======== RECORDS TO USE ========
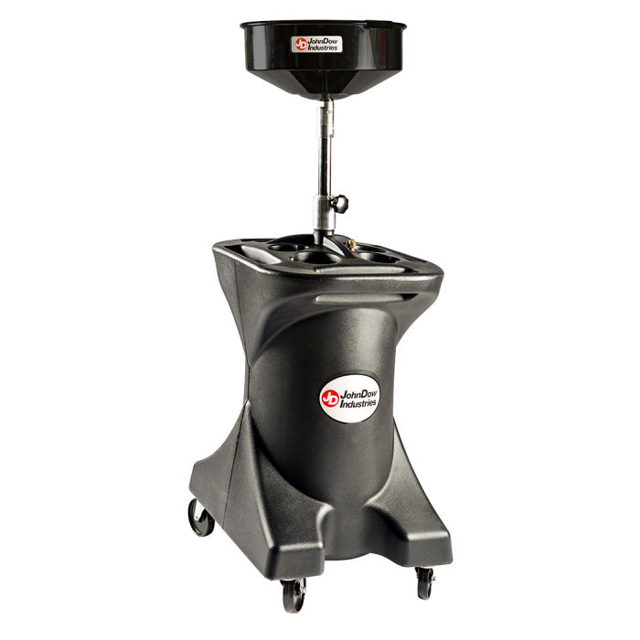 This heavy-duty self-evacuating oil drain is lightweight and durable. The virtually indestructible polyethylene construction prevents accidental damage to vehicles. JohnDow Model JDI-27DC Oil drain. If you were going to design an oil drain yourself, this would be it. It's got everything you need in one large, handy unit. It has the JohnDow Auto Check feature that will make oil gushers a thing of the past. If you want to empty it, just hook up your shop air to it and the rest is effortless. The 6 foot long discharge hose has a no drip spout to prevent messes in your shop and the funnel is adjustable from 45" up to 70". With the large 27 gallon capacity, you don't have to worry about draining it out all the time. 16" funnel is steel and holds up much better than some of those flimsy plastic funnels, plus the funnel has a mess steel screen so if you accidently drop the drain pan lug, you won't lose it down in the drum. The top of the unit has adequate storage for oil filters and wrenches so you never have to guess where you put them down again. This thing has everything a serious garage needs to be up and running.
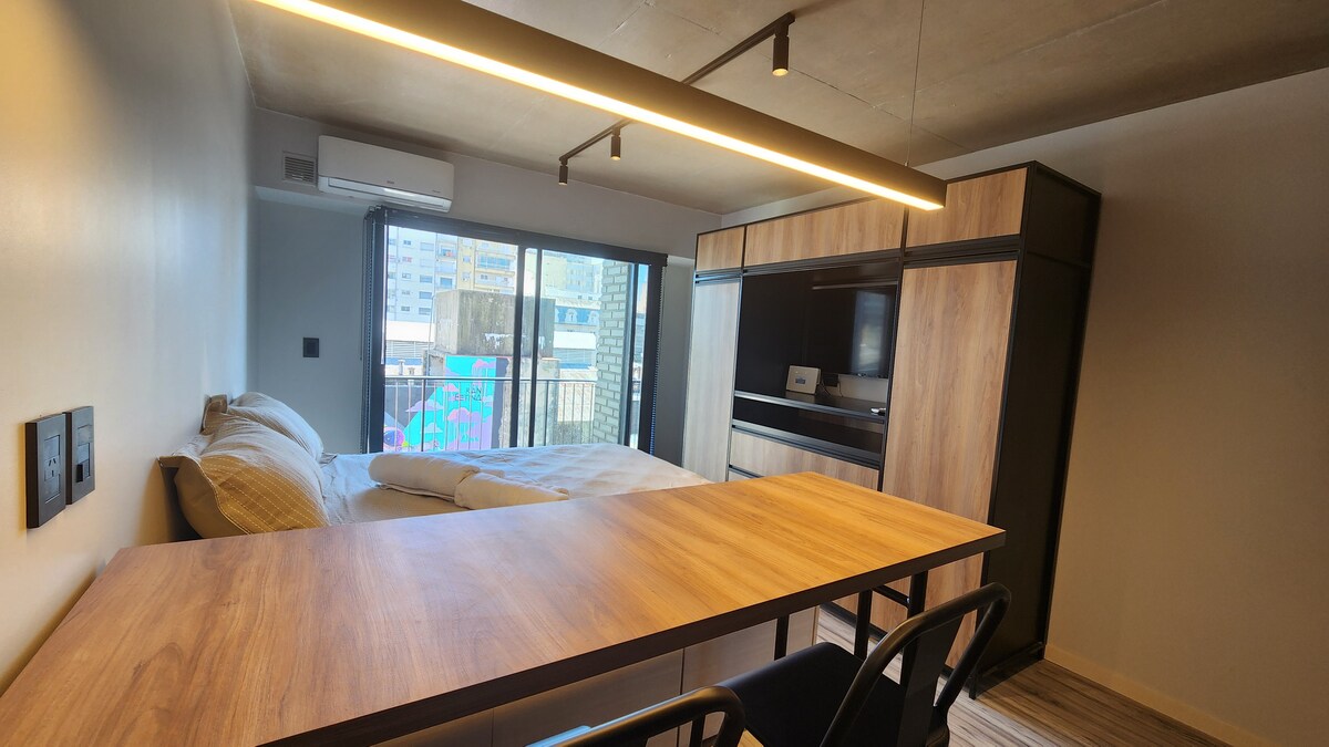 Moderns 1 guļamistabas dzīvoklis Abasto apkaimē, pakāpienu attālumā no dinamiskās Pellegrini ielas un pavisam netālu no Parque Independencia - vienas no pilsētas simboliskākajām zaļajām zonām. Depto ir ideāli piemērots pāriem vai individuāliem ceļotājiem, un tajā ir visas nepieciešamās papildērtības: aprīkota virtuve, Wi-Fi, gaisa kondicionieris, viedtelevīzija. Neatkarīgi no tā, vai ierodaties darba vai izklaides nolūkos, jūs atradīsiet ideālu līdzsvaru starp mieru, savienojamību un komfortu.
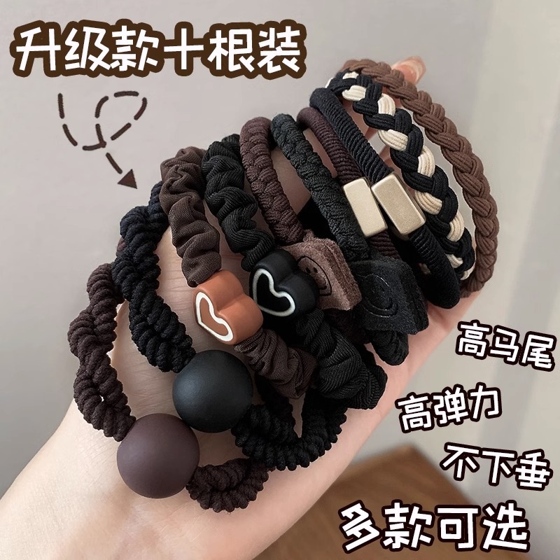 높은 스트레치 내구성 고무 텐더 여성용 헤어 타이 카레 컬러 간단한 높은 포니 테일 헤어 로프 헤어 로프 고급 센스 2024 새로운 헤어 링스토어 가기
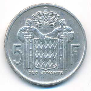KM#141 Monaco, 5 francs (1960 г.) 0.8350 Silver, 12 g. Категории:. Ruler: Rainier III. Obv: Head left. Rev: Crowned arms with supporters flanked by value. Смотрите подробное описание типа в каталоге.
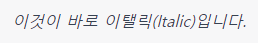 *이것이 바로 이탤릭(Italic)입니다.*
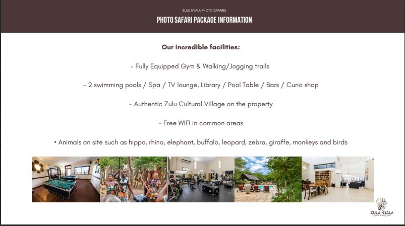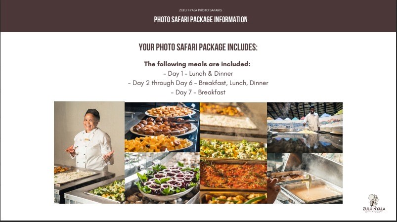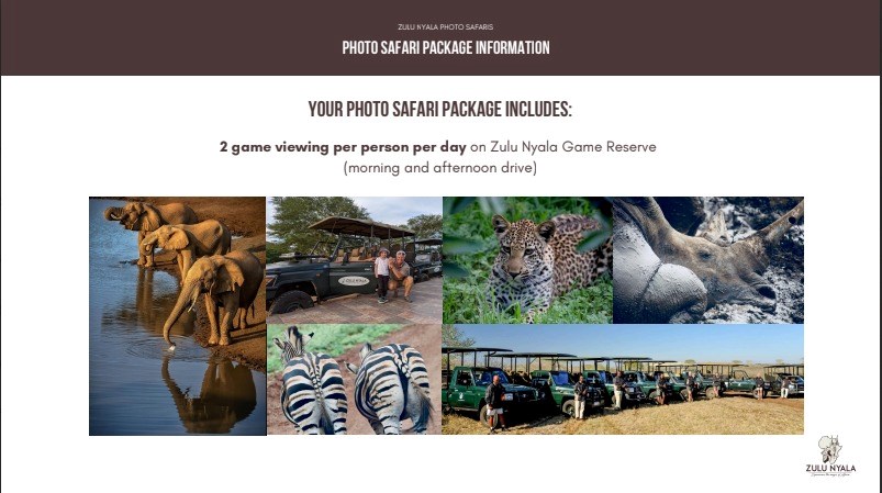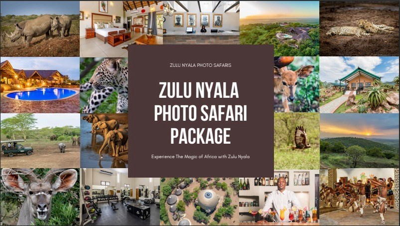 South Africa Photo Safaris Vacation Package 6 nights’ accommodation for 2 people at Zulu Nyala Heritage Safari Lodge, Tented Camp (depending on availability - Classic (Room or Luxury Tent) - 2 game viewing per person per day on Zulu Nyala Game Reserve (morning and afternoon drive) The following meals are included: - Day 1 – Lunch & Dinner - Day 2 through Day 6 – Breakfast, Lunch, Dinner - Day 7 – Breakfast
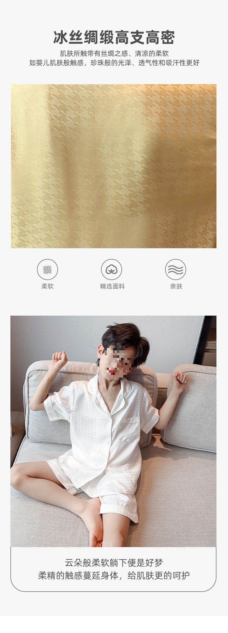 여름 소년 얼음 실크 잠옷, 아동복, 소년 얇은 에어컨 옷, 가디건 양복, 중대형 아동복스토어 가기
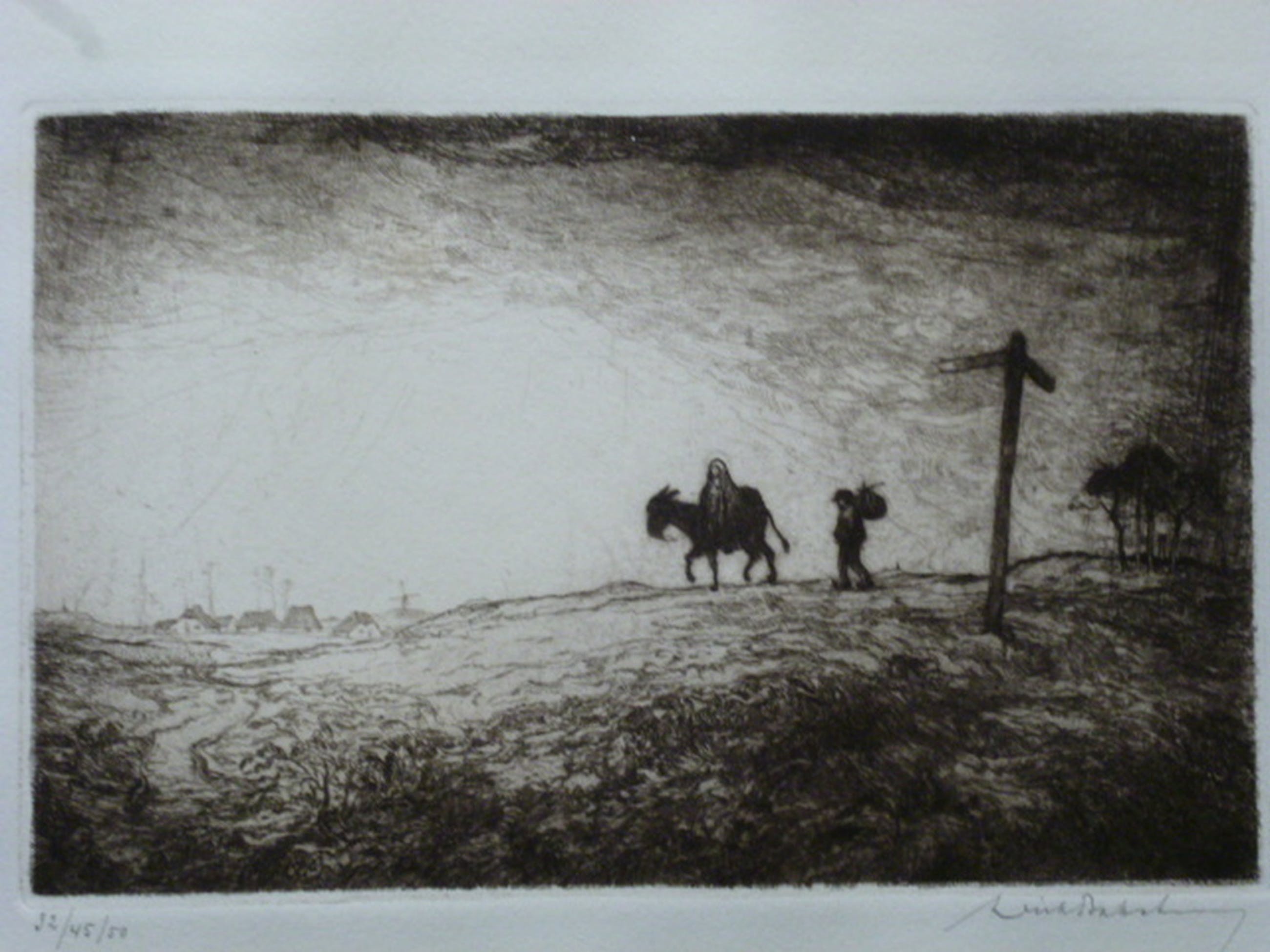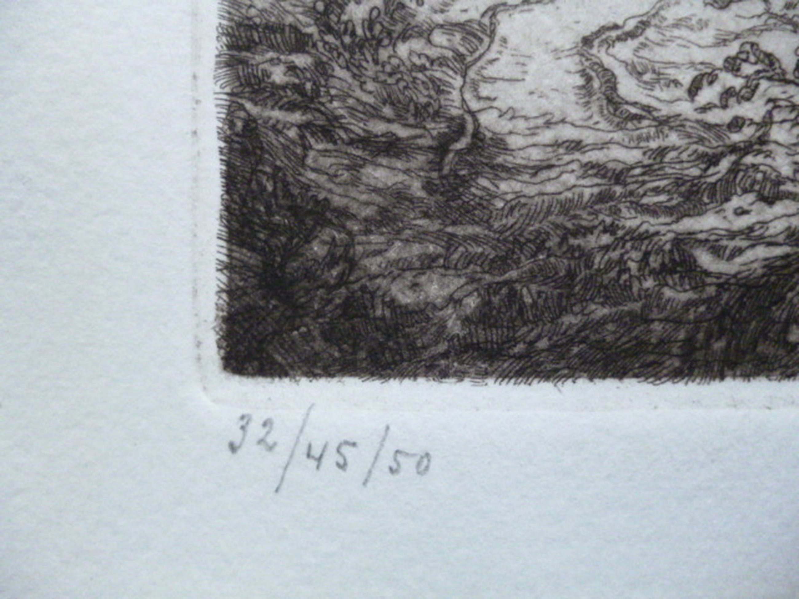 Ets uit 1928-1929, potlood gesigneerd rechtsonder. Genummerd 32/45/50 linksonder. Blindstempel linksboven.
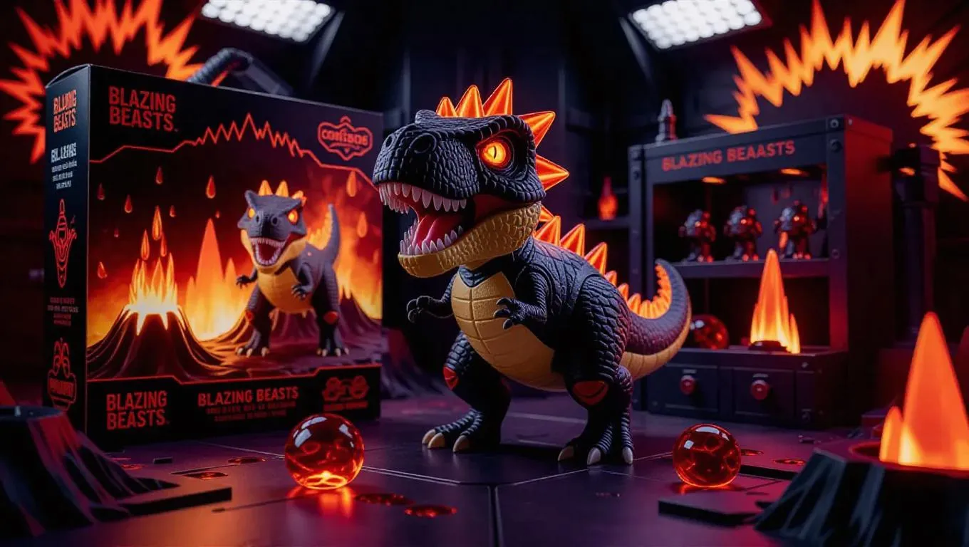 A chibi dinosaur toy in lava armor with translucent fire spikes and glowing red eyes, posed in a ferocious stance. The toy box features erupting volcano graphics and "Blazing Beasts" branding, including a collectible magma pearl. Set in a laboratory with an active production line, molten segments, and bright openings, the scene is illuminated by sharp, fiery light casting fierce shadows. Style: electricity and action, with a strong vibe.
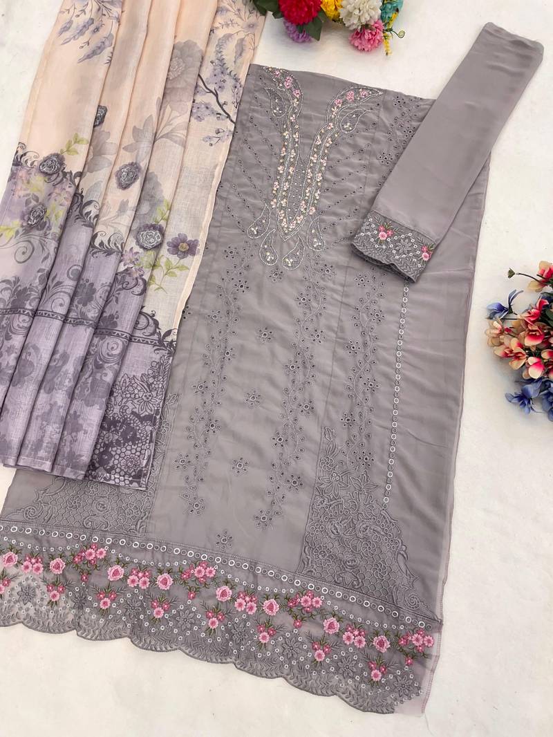 | Product Name | Grey Faux Georgette Semi Stitched Suit With Embroidery Work | |
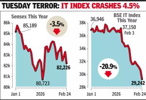 MUMBAI: A global sell-off in a large number of technology stocks affected investor sentiment on Dalal Street on Tuesday, resulting in sensex sliding by 1,069 points or 1. 3% to close at 82,226 points. The current sell-off is on the back of fears that AI models could upend established business models of a large number of IT giants including Indian majors like TCS, Infosys, Wipro and others. Global players like IBM and Accenture too are on the same boat.
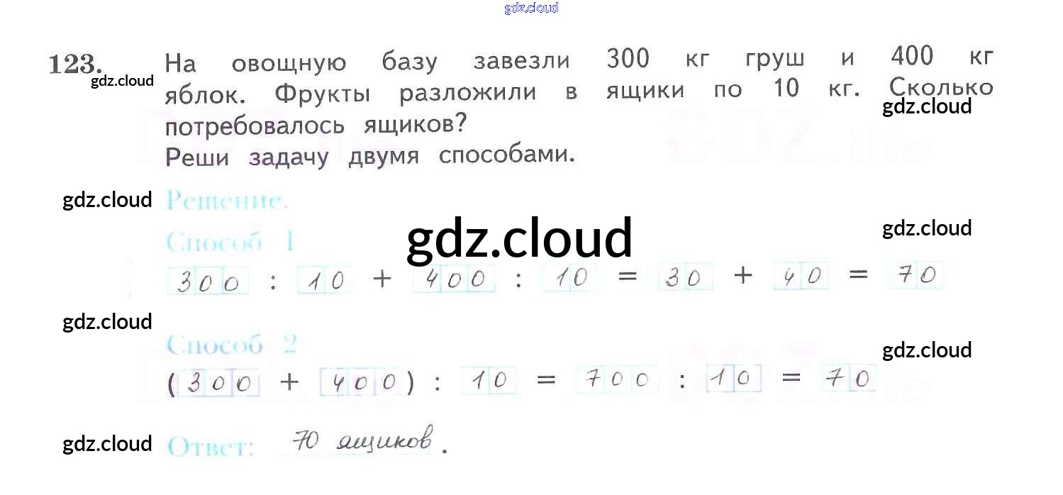 Ответ на задание 123 Рабочая тетрадь Математика за 3 (третий) класс Рудницкая, Юдачева Начальная школа XXI века 2017 Часть 1, 2
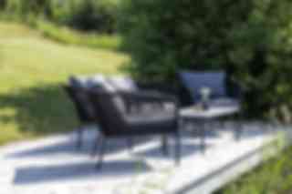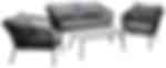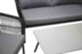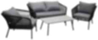 Lindos är en nätt stilren soffgrupp i modern design. Soffgruppen består av en tvåsitssoffa och två karmfåtöljer tillverkad i en svart pulverlackerad metallram. Den har stilfulla detaljer i ryggen av svart rep och det ingår mjuka, tjocka grå dynor. I gruppen ingår även ett lågt soffbord med en grå bordsskiva av cement och ett underrede i samma utförande som soffan. Tillsammans skapar de en stilfull helhet. Hela soffgruppen ligger nedpackad i kartong (enkel att transportera).
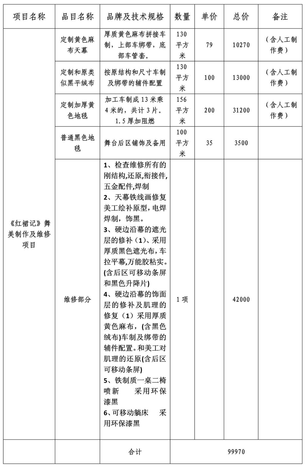 学校拟对《红裙记》舞美制作及维修项目进行竞标,欢迎合格的供应商前来竞标。
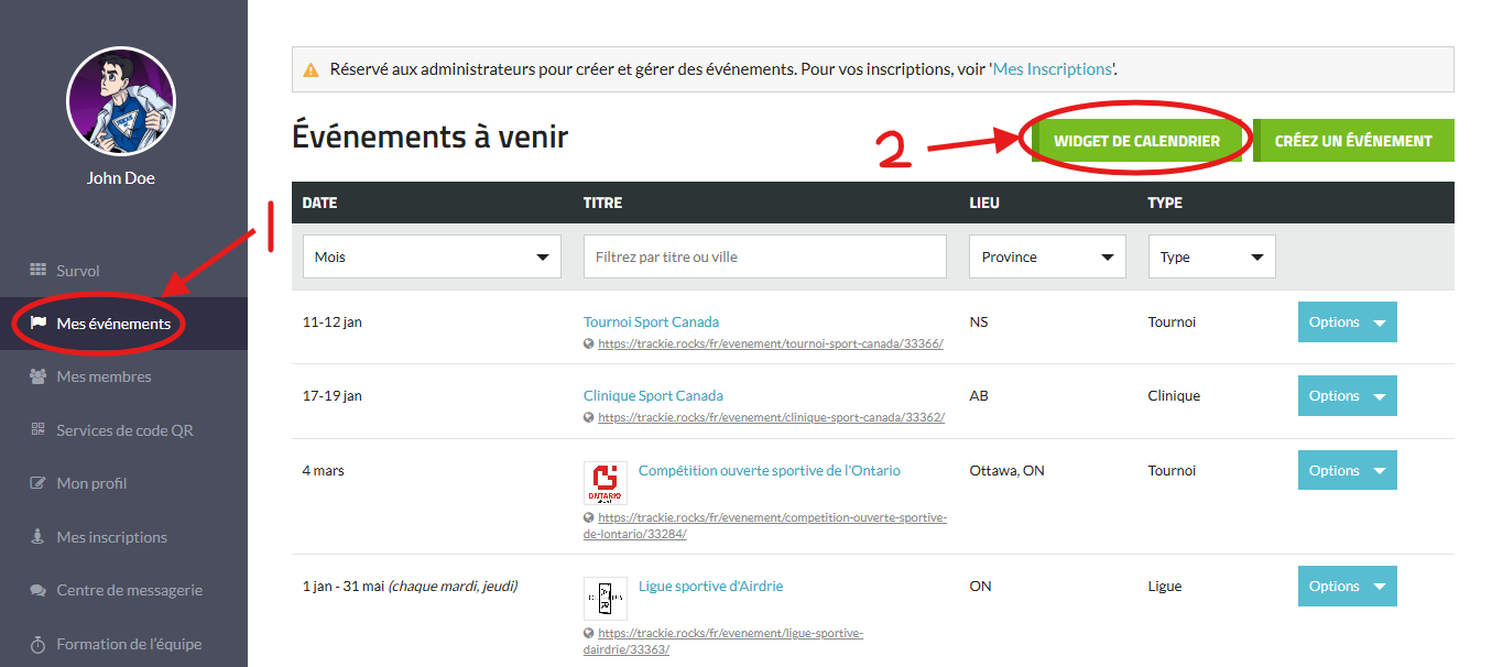 - Événements gérés par d'autres administrateurs de votre club : Affiche les événements appartenant à d'autres administrateurs dans la liste des administrateurs de votre club.
========
## EXERCISE PROMPT
Output all the material verbatim, skipping every image.

## ANSWER TO THIS PROBLEM
 This heavy-duty self-evacuating oil drain is lightweight and durable. The virtually indestructible polyethylene construction prevents accidental damage to vehicles. JohnDow Model JDI-27DC Oil drain. If you were going to design an oil drain yourself, this would be it. It's got everything you need in one large, handy unit. It has the JohnDow Auto Check feature that will make oil gushers a thing of the past. If you want to empty it, just hook up your shop air to it and the rest is effortless. The 6 foot long discharge hose has a no drip spout to prevent messes in your shop and the funnel is adjustable from 45" up to 70". With the large 27 gallon capacity, you don't have to worry about draining it out all the time. 16" funnel is steel and holds up much better than some of those flimsy plastic funnels, plus the funnel has a mess steel screen so if you accidently drop the drain pan lug, you won't lose it down in the drum. The top of the unit has adequate storage for oil filters and wrenches so you never have to guess where you put them down again. This thing has everything a serious garage needs to be up and running.
 Moderns 1 guļamistabas dzīvoklis Abasto apkaimē, pakāpienu attālumā no dinamiskās Pellegrini ielas un pavisam netālu no Parque Independencia - vienas no pilsētas simboliskākajām zaļajām zonām. Depto ir ideāli piemērots pāriem vai individuāliem ceļotājiem, un tajā ir visas nepieciešamās papildērtības: aprīkota virtuve, Wi-Fi, gaisa kondicionieris, viedtelevīzija. Neatkarīgi no tā, vai ierodaties darba vai izklaides nolūkos, jūs atradīsiet ideālu līdzsvaru starp mieru, savienojamību un komfortu.
 높은 스트레치 내구성 고무 텐더 여성용 헤어 타이 카레 컬러 간단한 높은 포니 테일 헤어 로프 헤어 로프 고급 센스 2024 새로운 헤어 링스토어 가기
KM#141 Monaco, 5 francs (1960 г.) 0.8350 Silver, 12 g. Категории:. Ruler: Rainier III. Obv: Head left. Rev: Crowned arms with supporters flanked by value. Смотрите подробное описание типа в каталоге.
 *이것이 바로 이탤릭(Italic)입니다.*
 South Africa Photo Safaris Vacation Package 6 nights’ accommodation for 2 people at Zulu Nyala Heritage Safari Lodge, Tented Camp (depending on availability - Classic (Room or Luxury Tent) - 2 game viewing per person per day on Zulu Nyala Game Reserve (morning and afternoon drive) The following meals are included: - Day 1 – Lunch & Dinner - Day 2 through Day 6 – Breakfast, Lunch, Dinner - Day 7 – Breakfast
 여름 소년 얼음 실크 잠옷, 아동복, 소년 얇은 에어컨 옷, 가디건 양복, 중대형 아동복스토어 가기
 Ets uit 1928-1929, potlood gesigneerd rechtsonder. Genummerd 32/45/50 linksonder. Blindstempel linksboven.
 A chibi dinosaur toy in lava armor with translucent fire spikes and glowing red eyes, posed in a ferocious stance. The toy box features erupting volcano graphics and "Blazing Beasts" branding, including a collectible magma pearl. Set in a laboratory with an active production line, molten segments, and bright openings, the scene is illuminated by sharp, fiery light casting fierce shadows. Style: electricity and action, with a strong vibe.
 | Product Name | Grey Faux Georgette Semi Stitched Suit With Embroidery Work | |
 MUMBAI: A global sell-off in a large number of technology stocks affected investor sentiment on Dalal Street on Tuesday, resulting in sensex sliding by 1,069 points or 1. 3% to close at 82,226 points. The current sell-off is on the back of fears that AI models could upend established business models of a large number of IT giants including Indian majors like TCS, Infosys, Wipro and others. Global players like IBM and Accenture too are on the same boat.
 Ответ на задание 123 Рабочая тетрадь Математика за 3 (третий) класс Рудницкая, Юдачева Начальная школа XXI века 2017 Часть 1, 2
 Lindos är en nätt stilren soffgrupp i modern design. Soffgruppen består av en tvåsitssoffa och två karmfåtöljer tillverkad i en svart pulverlackerad metallram. Den har stilfulla detaljer i ryggen av svart rep och det ingår mjuka, tjocka grå dynor. I gruppen ingår även ett lågt soffbord med en grå bordsskiva av cement och ett underrede i samma utförande som soffan. Tillsammans skapar de en stilfull helhet. Hela soffgruppen ligger nedpackad i kartong (enkel att transportera).
 学校拟对《红裙记》舞美制作及维修项目进行竞标,欢迎合格的供应商前来竞标。
 - Événements gérés par d'autres administrateurs de votre club : Affiche les événements appartenant à d'autres administrateurs dans la liste des administrateurs de votre club.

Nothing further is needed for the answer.